Conducting genomic research on the virus in the context of the ongoing pandemic is an important tool for serving public health needs [4]. Mass sequencing permits the analysis of: viral spread and variability; the emergence of new, potentially dangerous variants [5]; the ability to evade vaccines and acquire immune escape [6]; new ways to treat and prevent disease [7]; nucleotide changes in the genome that can affect virus detection using clinical diagnostic tools, such as real-time PCR; and specific antiviral strategies or designs [8], including vaccine candidates [9,10]. The World Health Organization also highlights the importance of whole genome sequencing for public health needs, including monitoring for changes in SARS-CoV-2 genetic structure along with associated metadata, such as viral spread and activity, and the analysis of circulating strain diversity, with the tracking of SARS-CoV-2 geographic distribution over time [11].
With over three years of intensive research, a significant amount of data on SARS-CoV-2 genomic structure and features have been accumulated.
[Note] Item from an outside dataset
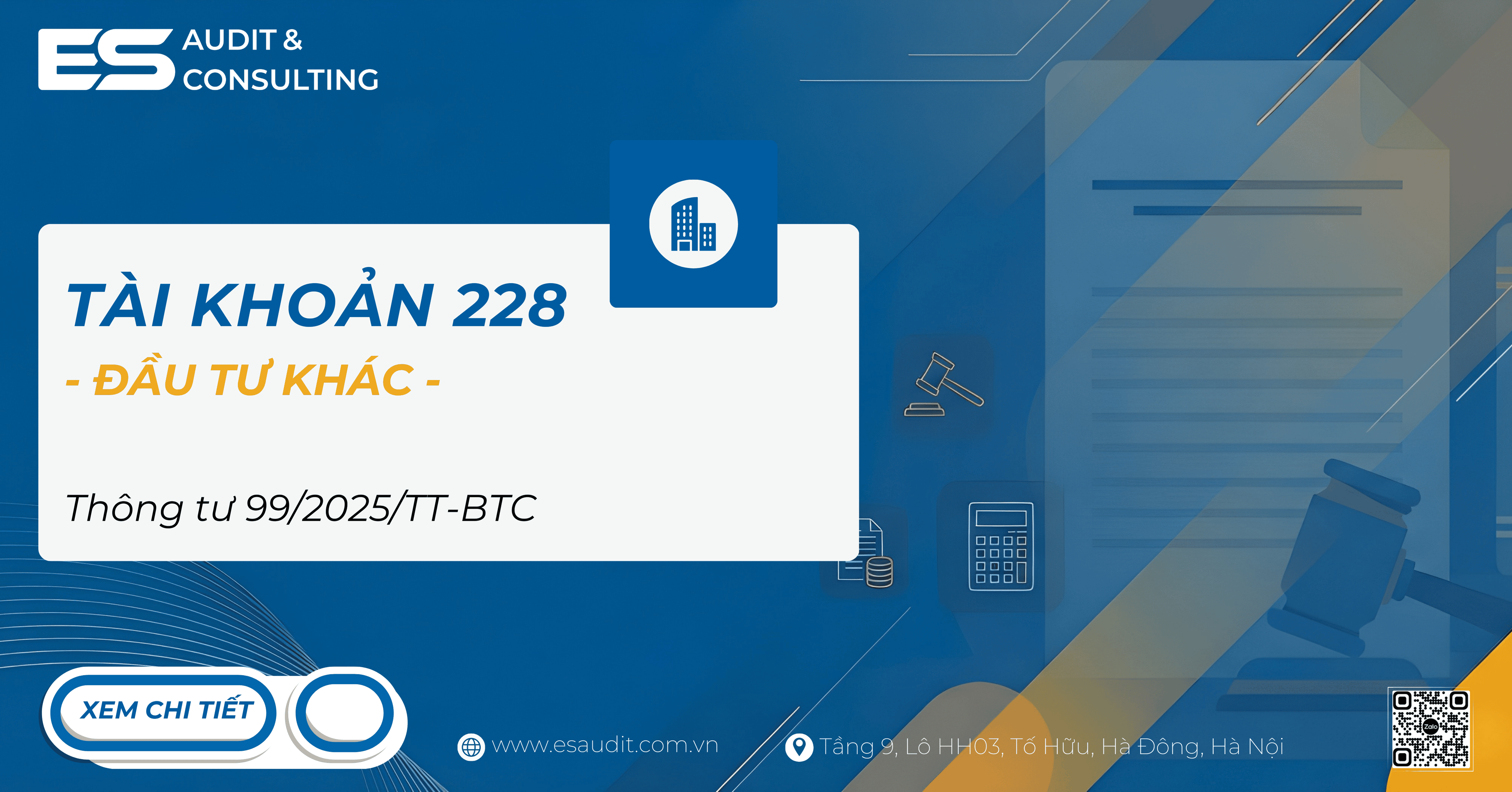 Trên đây, Hãng Kiểm toán ES vừa chia sẻ bài viết Tài khoản 228 theo Thông tư 99/2025/TT-BTC. Nếu có vấn đề chưa rõ hoặc cần hỗ trợ, bạn đọc có thể để lại bình luận bên dưới hoặc đặt câu hỏi theo đường dẫn dưới đây để được hỗ trợ trong thời gian sớm nhất: https://esaudit.com.vn/hoi-dap/. Cảm ơn các bạn đã theo dõi bài viết tài khoản 228 theo thông tư 99 chúc các bạn thành công!
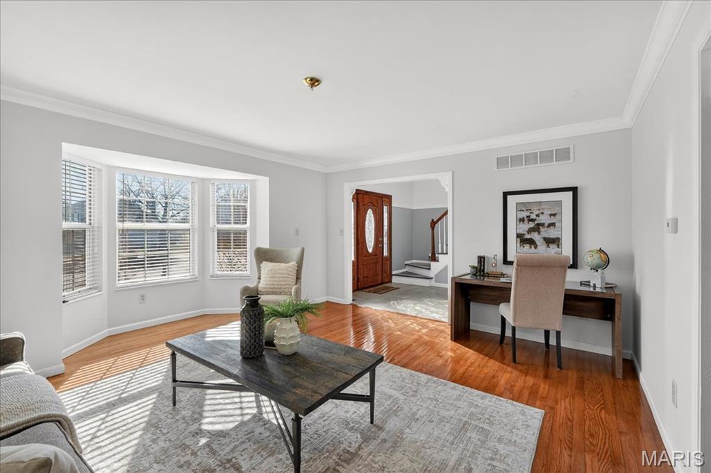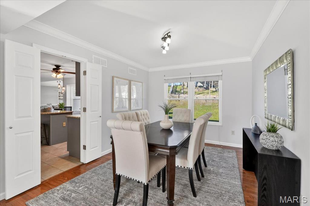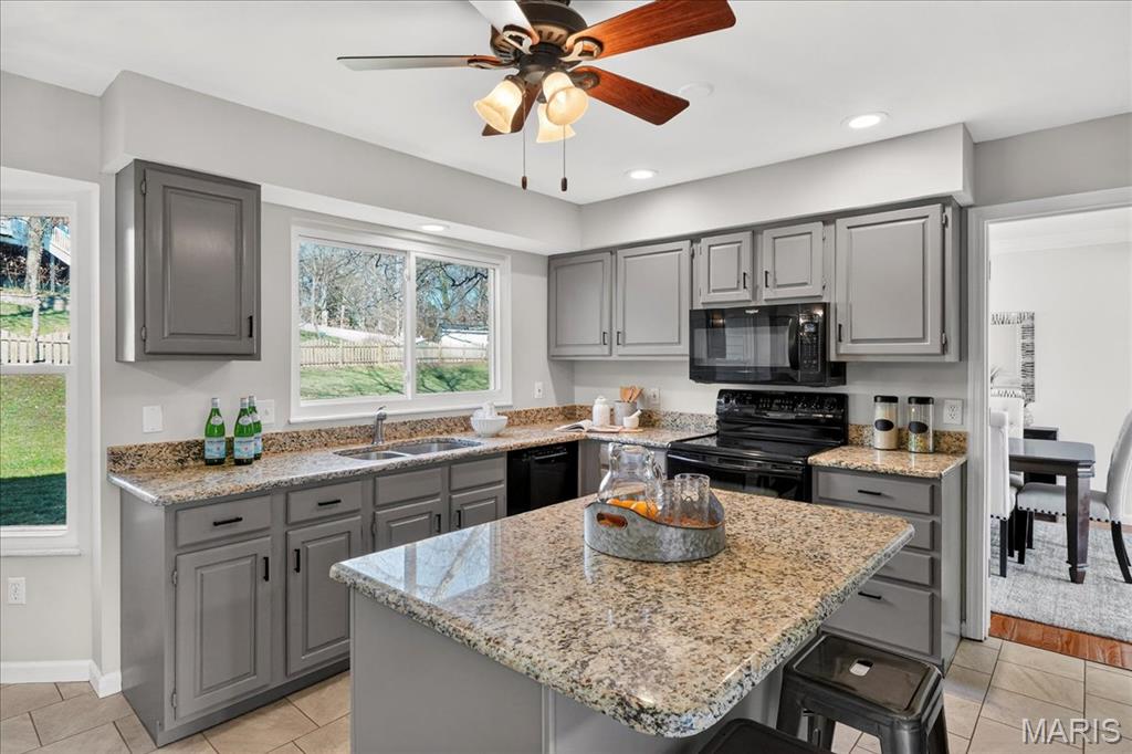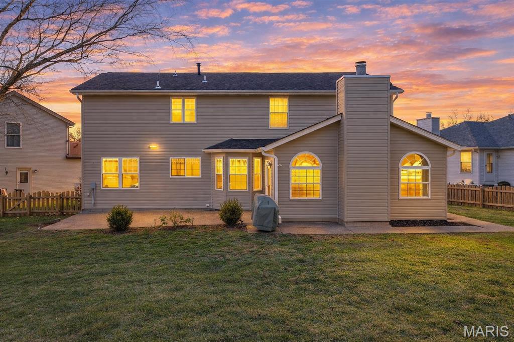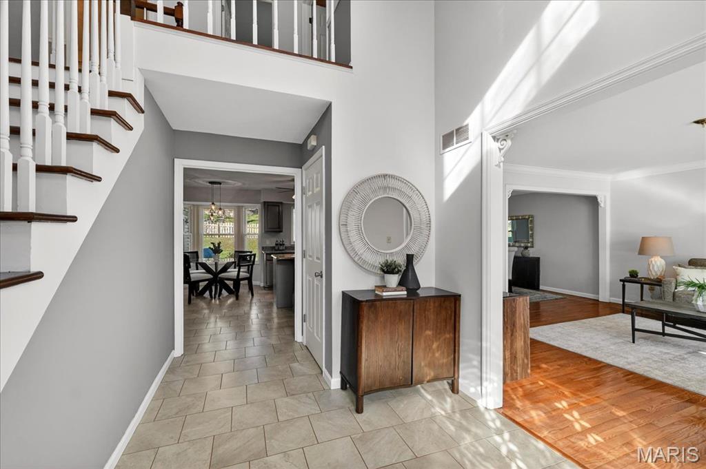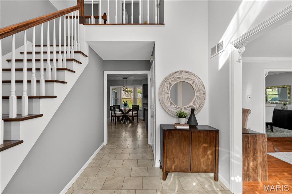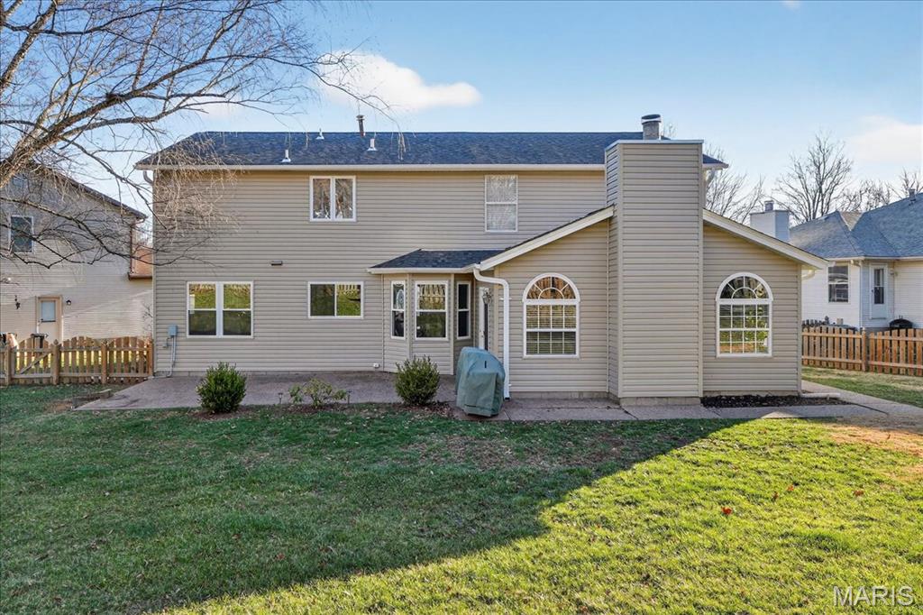 Welcome to 4910 Lowndes Drive, tucked inside a quiet, family-friendly neighborhood served by Mehlville Schools. One of the largest homes in the subdivision, this property offers the space, comfort, and thoughtful updates today’s buyers are searching for. From the moment you arrive, the inviting curb appeal sets the tone, and inside, a dramatic two-story foyer and warm hardwood floors create a welcoming first impression. The heart of the home is the beautifully updated kitchen with center island and bay windows that fill the space with natural light, flowing seamlessly into the spacious family room where soaring vaulted ceilings, a cozy fireplace, and wet bar make it the perfect place to gather. Step outside to the back patio overlooking a large, private, fully fenced yard ideal for summer evenings, playtime, or entertaining friends. The main floor also offers the convenience of laundry and a powder room, while the partially finished lower level with an additional half bath provides flexible space for recreation, hobbies, or guests. Upstairs, three comfortable guest bedrooms share an updated full bath, and the expansive primary suite serves as a true retreat with double sinks, a soaking tub, separate shower, and a generous walk-in closet. Major updates completed in 2025 including a new roof, siding, gutters, downspouts, and two new garage doors—add peace of mind and long-term value. This is a home designed for living well, growing comfortably, and making lasting memories.

An unprecedented number of viral sequences have been available in the GISAID database. These include over 14.5 mln complete, or nearly-complete, SARS-CoV-2 genome sequences (https://gisaid.org/ accessed on 24 January 2023). Phylogenetic analysis makes it possible to effectively assess ongoing processes, observe changes in the virus, respond to them in a timely manner, and make objective forecasts regarding the development of the epidemiological process [12]. Thus, SARS-CoV-2 genomic sequence data are an integral part of the effort to counter the COVID-19 pandemic, and such data are of great importance for solving problems in practical healthcare.
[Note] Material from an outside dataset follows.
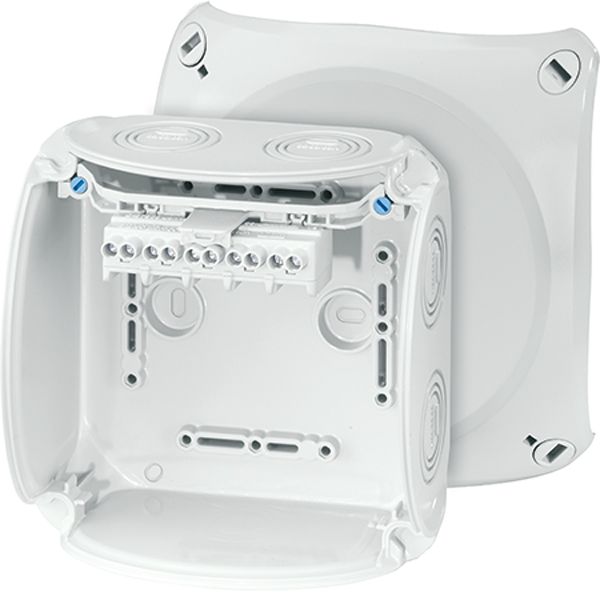 Kabelabzweigkasten aus hochwertigem Thermoplast für die ungeschützte Installation im Freien oder Aufputz-Anwendungen in Gebäuden. Beständig gegen Witterungseinflüsse wie UV-Belastung durch Sonneneinstrahlung, geschützt gegen Regenwasser, temperaturbeständig und schlagfest. Deckelbefestigung über Schnellverschlüsse. Mit Außenlaschen zur Befestigung. Seewasserbeständig, für Offshore-Anwendungen. Mit Zulassung für die Installation auf Schiffen. Klemme mit 2 Klemmstellen je Pol bis 4 mm², 5-polig. Kabeleinführung über metrische Vorprägungen. Anbau-Kabelstutzen im Zubehör. Mit Deckelhalteband.
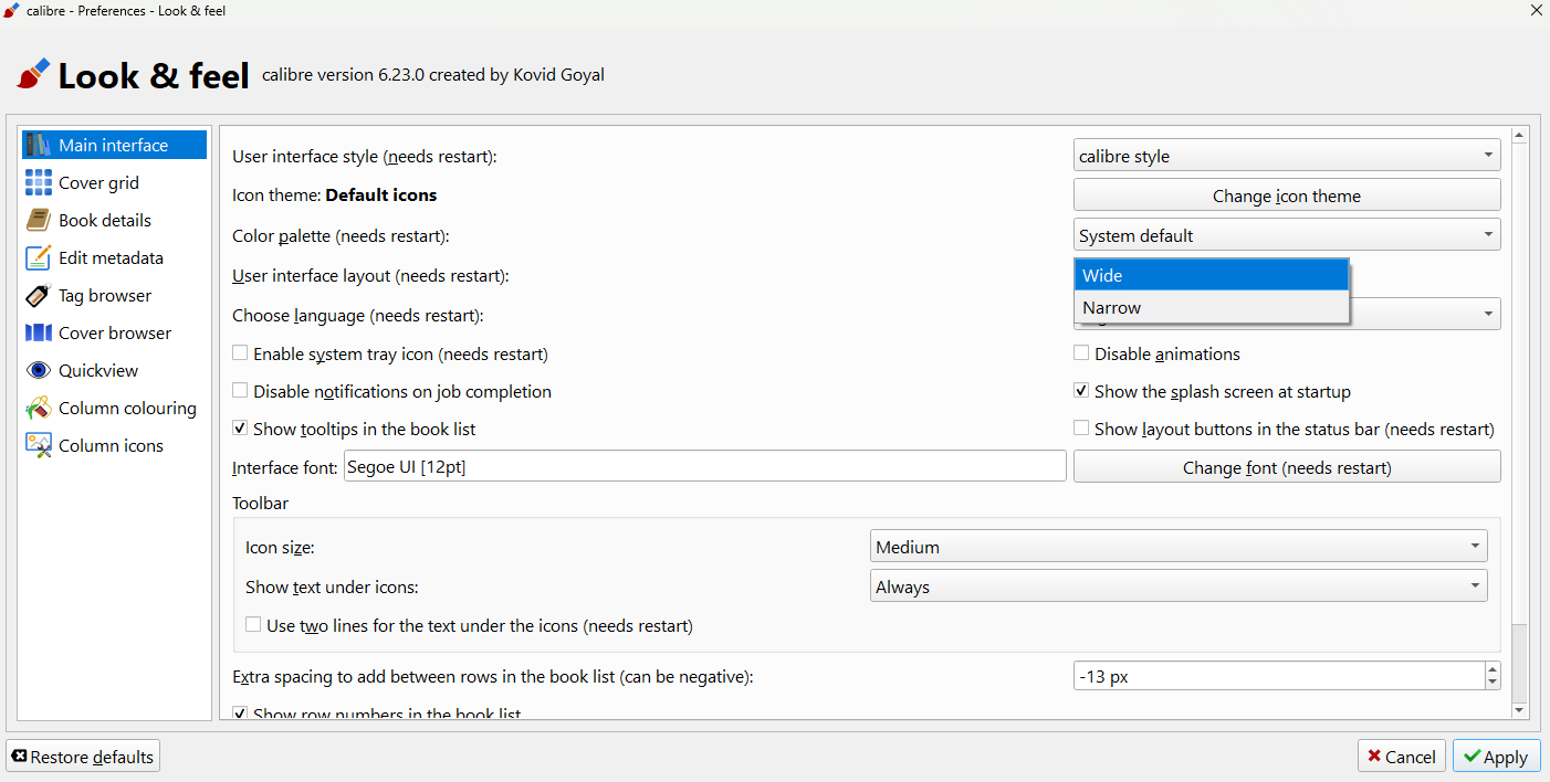Hey all! I had to reset my Win10 PC (where I keep my library) and I'm trying to get back to how I had it. I guess not all the settings get saved with the library.  Where can I specify that the book detail panel should be hortizontal along the bottom, instead of vertically along a side? I've been through every setting (I think?) and I cannot find one that will do what I did before. (Real clear, I know.) Thanks y'all! I'm just too frazzled from the reset -- I'm probably staring right at it. Anne |

As SARS-CoV-2 research continues to grow, biotechnology companies offer variety of solutions for whole genome sequencing. Multiple high-throughput sequencing technologies have been used for SARS-CoV-2 sequencing, including Illumina, Ion Torrent, Oxford Nanopore Technology, and DNBSeq. Despite this variety, Illumina remains the most commonly used technology for WGS [13]. Since the development of the pandemic, several protocols have been implemented, providing complete, or near-complete, SARS-CoV-2 sequence coverage. These include shotgun metagenomic approaches, target enrichment, and target whole-genome amplification by multiplex primer sets. However, large variations in performance, e.g., genomic coverage and single-nucleotide variant (SNV) detection, occur across different protocols [14]. One widely used approach for SARS-CoV-2 sequencing is the amplicon-based ARTIC protocol (https://artic.network/ncov-2019/ accessed on 15 August 2022). Due to the significant evolution of the SARS-CoV-2 genome, this protocol has undergone several updates to improve its performance.
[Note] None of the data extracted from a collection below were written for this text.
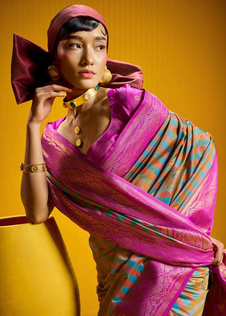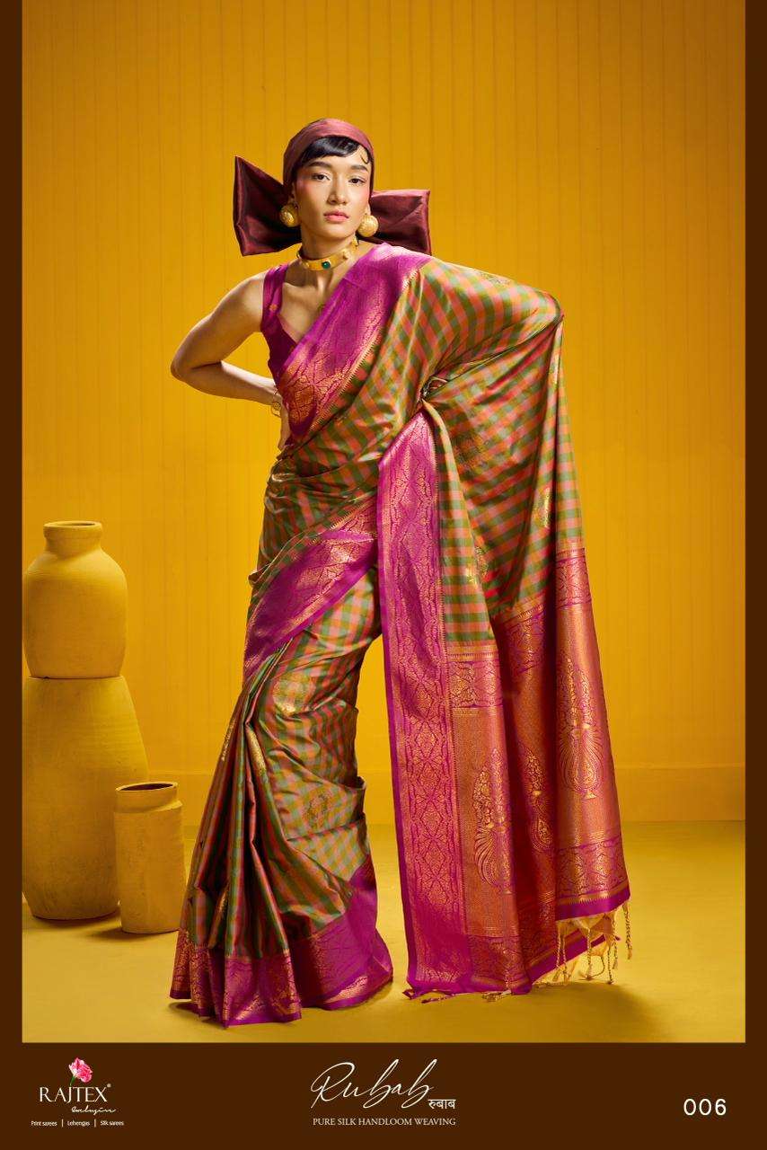 | Catalogue: | Shri Balaji Emporium Rubab 001 TO 006 Pure Silk Tone Cheks Handloom Weaving Saree collection |
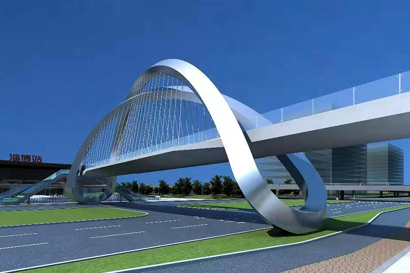 此項目位于淄博火車站南廣場的中心,結構造型復雜,拱梁為雙曲構件,加工難度大,裝配精度高,焊接變形量要求極高,我們作為項目的重點供應商,向其提供了1000噸鋼結構用量,其中難度最高的異形構件全部由我們制作。
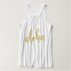 O topo do tanque de Verão apresenta uma magenta rosa-rosa-quente azul-escura e um abacaxi branco amarelo-esbranquiçado pastel com um guião aloha-reluz falsa na frente e um grande guião de pincel aloha-ouro falso no verso.
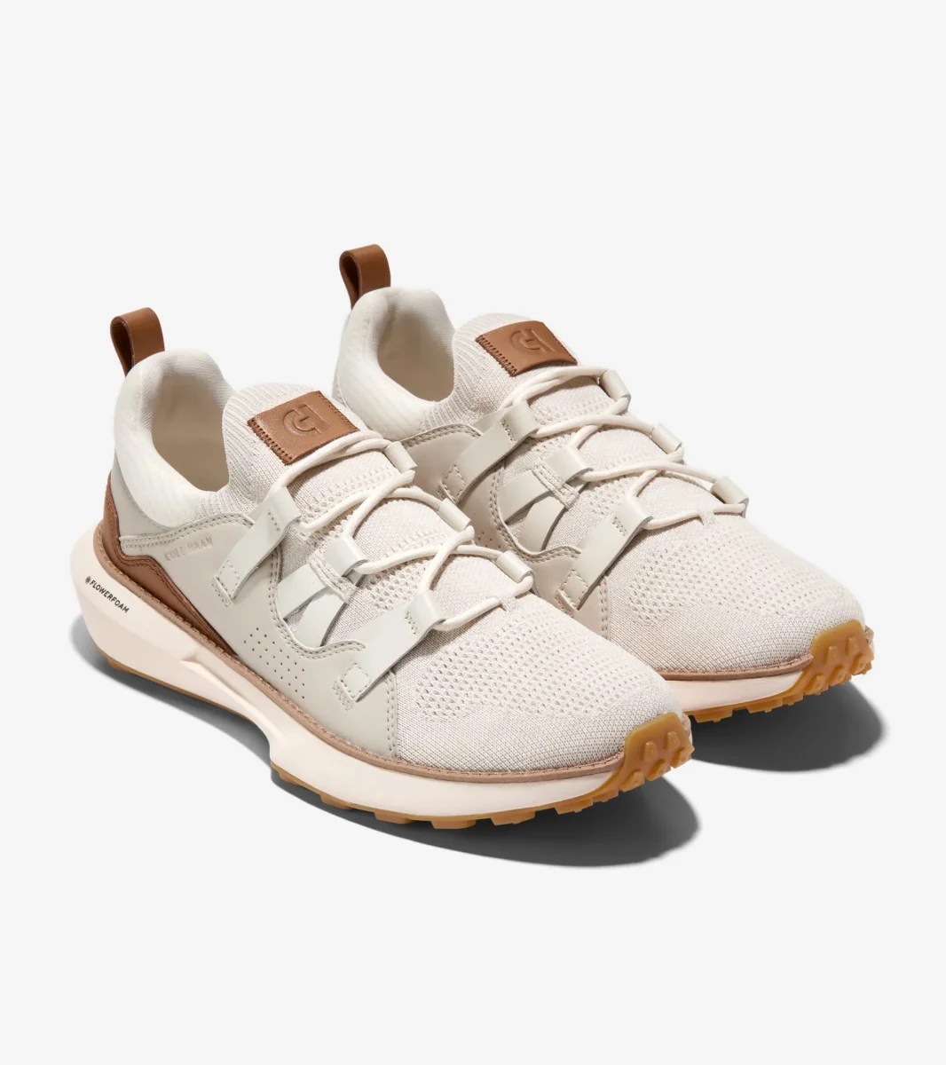 - Parte superior tejida Stitchlite™ en color Marfil con detalles de cuero en Plata y Toffee Dorado; sistema de cordones de estabilizadores

In this study, we evaluate several approaches for library preparation for SARS-CoV-2 whole genome sequencing using the Illumina MiSeq platform. We compared commercial kits from different manufacturers in terms of data quality, genomic coverage, SNP determination, number of reads, and sequencing depth. These were: the amplicon-based QIAseq DIRECT SARS-CoV-2 Kit (Qiagen, Hilden, Germany), the target capture-based KAPA HyperCap SARS-CoV-2 Kit (Roche, Mannheim, Germany), and a whole genome sequencing custom primer panel (developed by the authors) adapted to the TruSeq Nano DNA Library Preparation Kit (Illumina, San Diego, CA, USA). The study’s general design and workflow are shown in Figure 1.
In our study, both custom and capture-based methods provided efficiently enriched SARS-CoV-2 content from clinical samples. Along with commercial kits, the custom primer panel is being successfully used for the molecular genetic monitoring of strains circulating in Russia’s Northwestern Federal District [15]. All three library preparation methods permitted the recovery of near-complete SARS-CoV-2 genomes from suitable patient samples (viral RNA load up to 23 cycles), but the sequence depth and number of raw reads varied.

2. Results

2.1. Sequencing

After the exclusion of samples with fewer than 10,000 reads in at least one method (one TruSeq, one QIAseq, and four KAPA), forty samples were taken for analysis. The number of obtained reads varied with the KAPA and QIAseq methods; it was quite uniform with TruSeq (Figure 2A, Supplementary S2 Table S4). The parameter ‘percent reads remaining after trimming’ is presented in Supplementary S2 Table S5 and Figure 2B. The quality of data obtained with ‘custom primer panel + TruSeq DNA Nano Library Kit’ is high, whereas libraries prepared with QIAseq DIRECT SARS-CoV-2 or KAPA HyperCap SARS-CoV-2 kits yield numerous short reads.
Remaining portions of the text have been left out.